▶ [THE TASK]: Text in the records must be reproduced exactly, and pictures must be skipped.

────────────────────

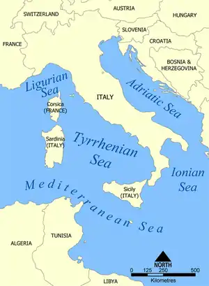 |CitationClass=تم تجاهله (مساعدة) - "Tyrrhenian Sea | sea, Mediterranean Sea". Encyclopedia Britannica (باللغة الإنجليزية). مؤرشف من الأصل في 11 يوليو 2018. اطلع عليه بتاريخ 18 يوليو 2017. الوسيط
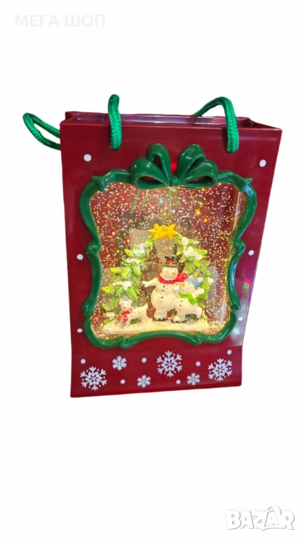 Празнична Коледна декорация във вид на подаръчна чанта със светлини и снежен ефект → Обява 52587358
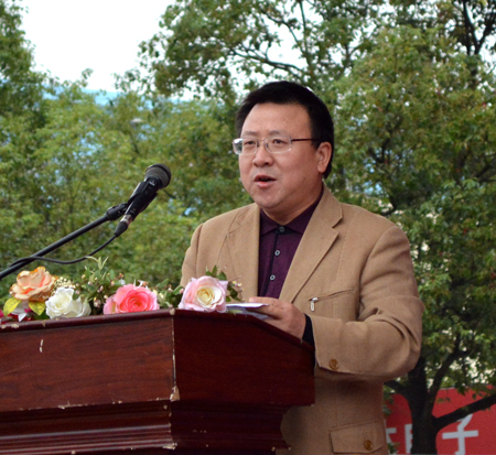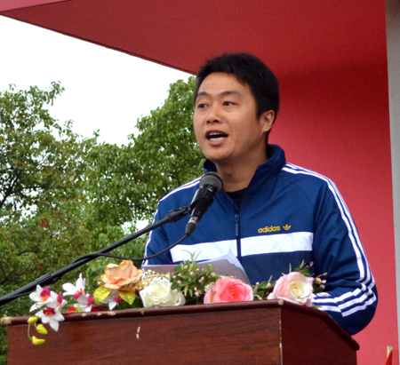 会上,本届运动会总裁判长王晟宣布比赛成绩。
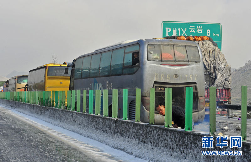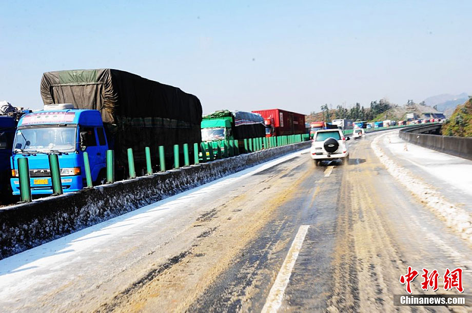 受強冷空氣南下影響,廣東北部山區氣溫降至零下,境內的京港澳高速乳源段和坪乳公路路面結冰,交通從12月16日凌晨開始中斷,大量車輛滯留。經全力抗冰搶險,相關路段于16日14時許恢復正常通行。17日,已搶通的京港澳高速公路粵北段路面再次結冰,車輛滯留10公里。李凌 攝
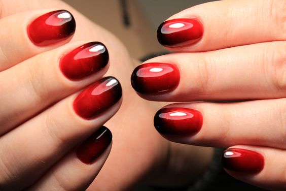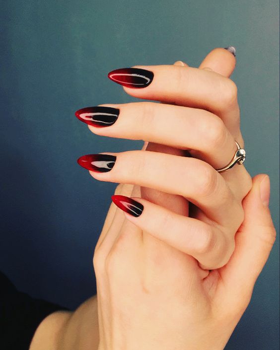 Не утратил своей популярности и градиент, или как его еще называют омбре, - переход цвета с верху ногтя к низу. С помощью красного и черного можно создать несколько интересных дизайнов.
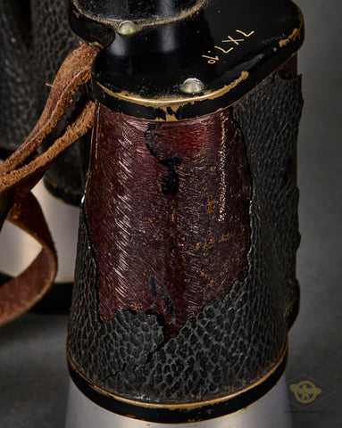 Cased Japanese Binoculars 7 x7 by Tokyo Optical-These are 7x7 binoculars. They are in very sound condition. The pebbled leatherette covering is tearing and flaking off, so please be sure to see the photos. They are maker marked with a logo for Tokyo Optical (now known as Topcon). There is a serial number No.5521. They are also marked for JES which stands for Japanese Engineering Standards, which was the technical standard used in Japan before and during WW2.  This has an original brown leather shoulder strap that is in fine condition. The optics do need to be cleaned. They work but are a bit cloudy. The beautiful khaki canvas case is slightly faded, but is in good shape, and includes the shoulder strap. Be aware the closure strap is in place, but the closure button is missing. This case is very nicely marked under the lid in kanji. A fine set overall!
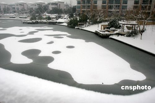圖:南京花神湖出現(xiàn)冰上雪
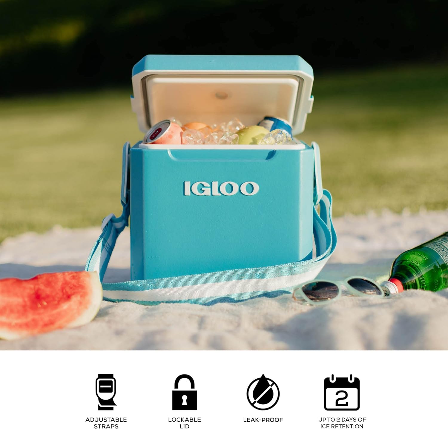 For the laidback times and those nonstop days, Tag Along Too will keep you on the bright side of cool. With this spacious yet compact cooler, we put a modern twist on an Igloo classic. Designed with more style and ease than ever, this cube cooler comes in a rainbow of fun colors and features a stylishly woven adjustable strap for hands-free crossbody carrying. Product Details Left Spacious yet compact 11-quart size Extra-long, adjustable woven shoulder strap for easy, hands-free carrying over a shoulder or as a crossbody Lid locks at each side & features an interior gasket seal to prevent spills & leaking MaxCold insulation in the body & lid provides advanced ice retention Plenty of vertical space to hold sports drinks & bottles upright Robust piano-style knuckle hinge with detent feature keeps the lid open until you shut it closed Put the size into perspective: Holds 14 cans Item #: 00032657 Care Instructions Left Wipe interior and exterior surfaces clean before storing and between uses. To prevent stains and odors, empty cooler of contents after use. Light dirt or stains can be cleaned with water or mild detergent. Tougher stains may be cleaned with diluted solution of baking soda and water. Ensure all cleaning agents are thoroughly rinsed and the cooler is dry before storage. Capacity:14 12-oz cans11 quarts (10 liters) Weight:5.26 lbs2.39 kgs Exterior Dimensions ( L x W x H ):13.07" x 9.33" x 13.07"33.19cm x 23.69cm x 33.19cm

────────────────────

▶ [EXERCISE OUTPUT]:
 |CitationClass=تم تجاهله (مساعدة) - "Tyrrhenian Sea | sea, Mediterranean Sea". Encyclopedia Britannica (باللغة الإنجليزية). مؤرشف من الأصل في 11 يوليو 2018. اطلع عليه بتاريخ 18 يوليو 2017. الوسيط
 Празнична Коледна декорация във вид на подаръчна чанта със светлини и снежен ефект → Обява 52587358
 会上,本届运动会总裁判长王晟宣布比赛成绩。
 受強冷空氣南下影響,廣東北部山區氣溫降至零下,境內的京港澳高速乳源段和坪乳公路路面結冰,交通從12月16日凌晨開始中斷,大量車輛滯留。經全力抗冰搶險,相關路段于16日14時許恢復正常通行。17日,已搶通的京港澳高速公路粵北段路面再次結冰,車輛滯留10公里。李凌 攝
 Не утратил своей популярности и градиент, или как его еще называют омбре, - переход цвета с верху ногтя к низу. С помощью красного и черного можно создать несколько интересных дизайнов.
 Cased Japanese Binoculars 7 x7 by Tokyo Optical-These are 7x7 binoculars. They are in very sound condition. The pebbled leatherette covering is tearing and flaking off, so please be sure to see the photos. They are maker marked with a logo for Tokyo Optical (now known as Topcon). There is a serial number No.5521. They are also marked for JES which stands for Japanese Engineering Standards, which was the technical standard used in Japan before and during WW2.  This has an original brown leather shoulder strap that is in fine condition. The optics do need to be cleaned. They work but are a bit cloudy. The beautiful khaki canvas case is slightly faded, but is in good shape, and includes the shoulder strap. Be aware the closure strap is in place, but the closure button is missing. This case is very nicely marked under the lid in kanji. A fine set overall!
圖:南京花神湖出現(xiàn)冰上雪
 For the laidback times and those nonstop days, Tag Along Too will keep you on the bright side of cool. With this spacious yet compact cooler, we put a modern twist on an Igloo classic. Designed with more style and ease than ever, this cube cooler comes in a rainbow of fun colors and features a stylishly woven adjustable strap for hands-free crossbody carrying. Product Details Left Spacious yet compact 11-quart size Extra-long, adjustable woven shoulder strap for easy, hands-free carrying over a shoulder or as a crossbody Lid locks at each side & features an interior gasket seal to prevent spills & leaking MaxCold insulation in the body & lid provides advanced ice retention Plenty of vertical space to hold sports drinks & bottles upright Robust piano-style knuckle hinge with detent feature keeps the lid open until you shut it closed Put the size into perspective: Holds 14 cans Item #: 00032657 Care Instructions Left Wipe interior and exterior surfaces clean before storing and between uses. To prevent stains and odors, empty cooler of contents after use. Light dirt or stains can be cleaned with water or mild detergent. Tougher stains may be cleaned with diluted solution of baking soda and water. Ensure all cleaning agents are thoroughly rinsed and the cooler is dry before storage. Capacity:14 12-oz cans11 quarts (10 liters) Weight:5.26 lbs2.39 kgs Exterior Dimensions ( L x W x H ):13.07" x 9.33" x 13.07"33.19cm x 23.69cm x 33.19cm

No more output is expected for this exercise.